Where a picture appears, omit it; repeat everything else in the records exactly.
····················
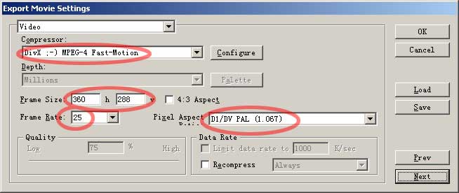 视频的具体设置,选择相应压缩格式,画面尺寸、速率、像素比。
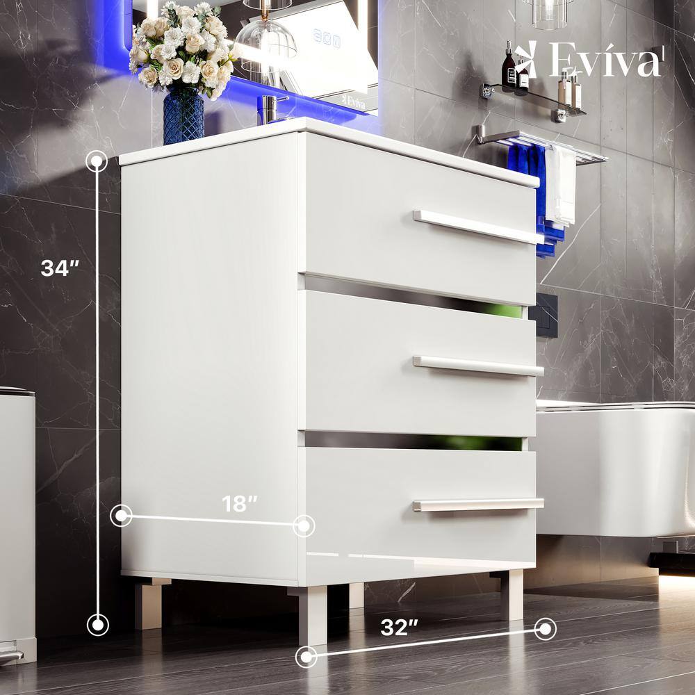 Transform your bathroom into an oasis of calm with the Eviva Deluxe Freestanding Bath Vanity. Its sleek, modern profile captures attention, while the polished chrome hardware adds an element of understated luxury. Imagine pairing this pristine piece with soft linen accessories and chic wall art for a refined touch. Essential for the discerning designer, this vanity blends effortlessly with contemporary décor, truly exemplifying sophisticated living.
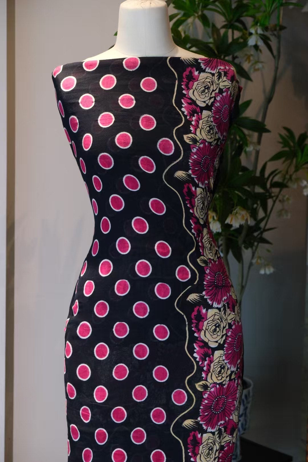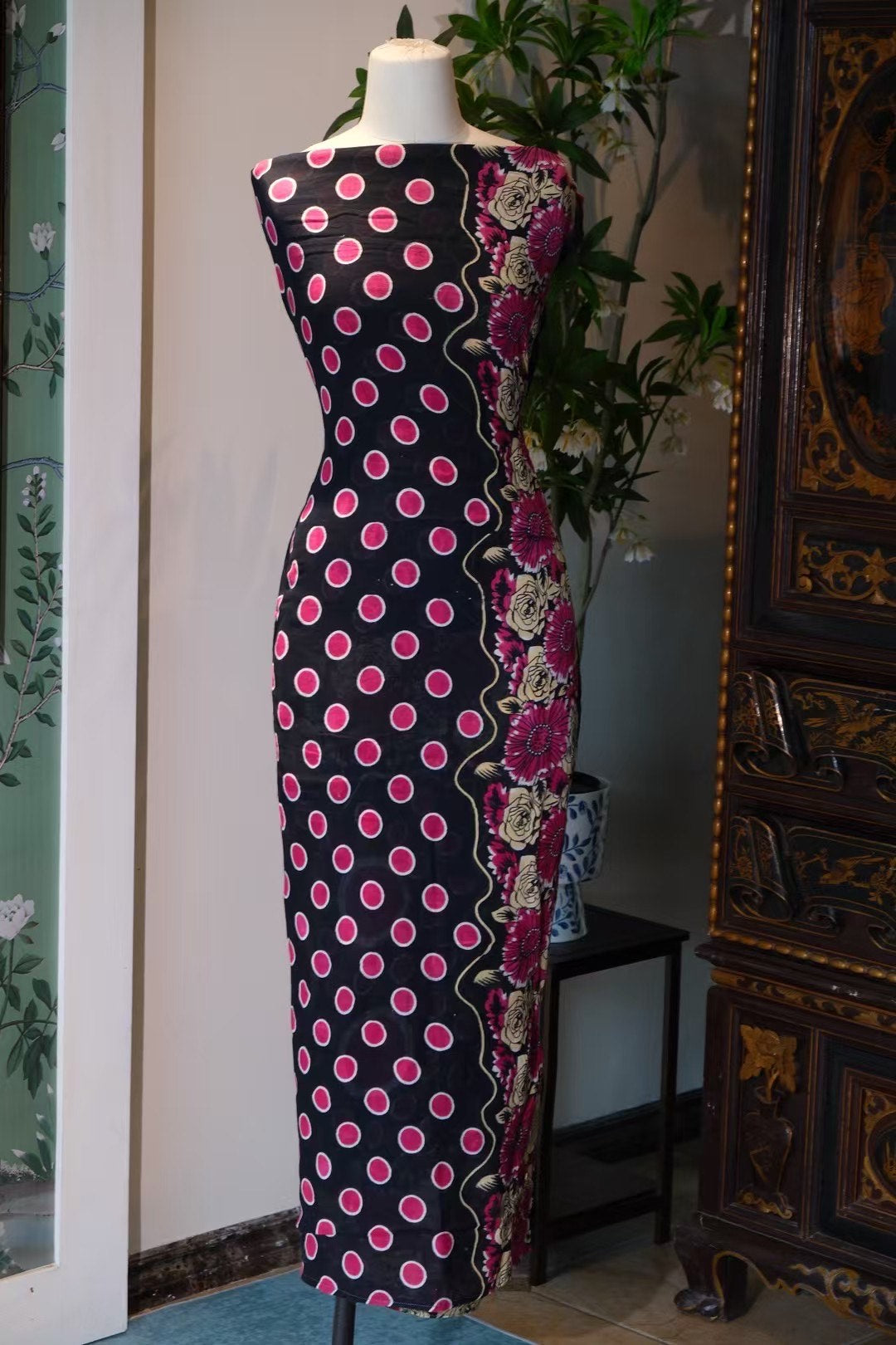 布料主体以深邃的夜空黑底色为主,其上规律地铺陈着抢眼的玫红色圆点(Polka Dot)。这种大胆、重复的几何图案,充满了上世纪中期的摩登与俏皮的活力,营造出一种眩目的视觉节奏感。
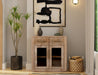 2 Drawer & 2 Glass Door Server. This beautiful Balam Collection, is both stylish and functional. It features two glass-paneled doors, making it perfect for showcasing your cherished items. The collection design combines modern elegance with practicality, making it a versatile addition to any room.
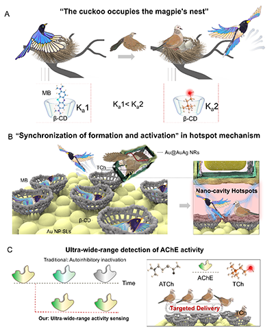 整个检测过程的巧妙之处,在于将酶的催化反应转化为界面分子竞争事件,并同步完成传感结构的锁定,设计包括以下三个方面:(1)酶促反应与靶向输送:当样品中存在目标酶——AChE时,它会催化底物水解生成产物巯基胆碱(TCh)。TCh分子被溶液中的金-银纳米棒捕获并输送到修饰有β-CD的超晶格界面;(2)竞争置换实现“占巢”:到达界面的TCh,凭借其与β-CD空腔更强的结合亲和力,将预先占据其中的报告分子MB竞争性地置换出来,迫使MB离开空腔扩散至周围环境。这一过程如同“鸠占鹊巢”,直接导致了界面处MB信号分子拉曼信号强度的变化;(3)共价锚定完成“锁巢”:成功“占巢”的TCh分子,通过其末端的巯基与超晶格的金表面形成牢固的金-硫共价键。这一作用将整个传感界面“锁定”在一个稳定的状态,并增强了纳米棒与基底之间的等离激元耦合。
····················
[Written answer]
 视频的具体设置,选择相应压缩格式,画面尺寸、速率、像素比。
 Transform your bathroom into an oasis of calm with the Eviva Deluxe Freestanding Bath Vanity. Its sleek, modern profile captures attention, while the polished chrome hardware adds an element of understated luxury. Imagine pairing this pristine piece with soft linen accessories and chic wall art for a refined touch. Essential for the discerning designer, this vanity blends effortlessly with contemporary décor, truly exemplifying sophisticated living.
 布料主体以深邃的夜空黑底色为主,其上规律地铺陈着抢眼的玫红色圆点(Polka Dot)。这种大胆、重复的几何图案,充满了上世纪中期的摩登与俏皮的活力,营造出一种眩目的视觉节奏感。
 2 Drawer & 2 Glass Door Server. This beautiful Balam Collection, is both stylish and functional. It features two glass-paneled doors, making it perfect for showcasing your cherished items. The collection design combines modern elegance with practicality, making it a versatile addition to any room.
 整个检测过程的巧妙之处,在于将酶的催化反应转化为界面分子竞争事件,并同步完成传感结构的锁定,设计包括以下三个方面:(1)酶促反应与靶向输送:当样品中存在目标酶——AChE时,它会催化底物水解生成产物巯基胆碱(TCh)。TCh分子被溶液中的金-银纳米棒捕获并输送到修饰有β-CD的超晶格界面;(2)竞争置换实现“占巢”:到达界面的TCh,凭借其与β-CD空腔更强的结合亲和力,将预先占据其中的报告分子MB竞争性地置换出来,迫使MB离开空腔扩散至周围环境。这一过程如同“鸠占鹊巢”,直接导致了界面处MB信号分子拉曼信号强度的变化;(3)共价锚定完成“锁巢”:成功“占巢”的TCh分子,通过其末端的巯基与超晶格的金表面形成牢固的金-硫共价键。这一作用将整个传感界面“锁定”在一个稳定的状态,并增强了纳米棒与基底之间的等离激元耦合。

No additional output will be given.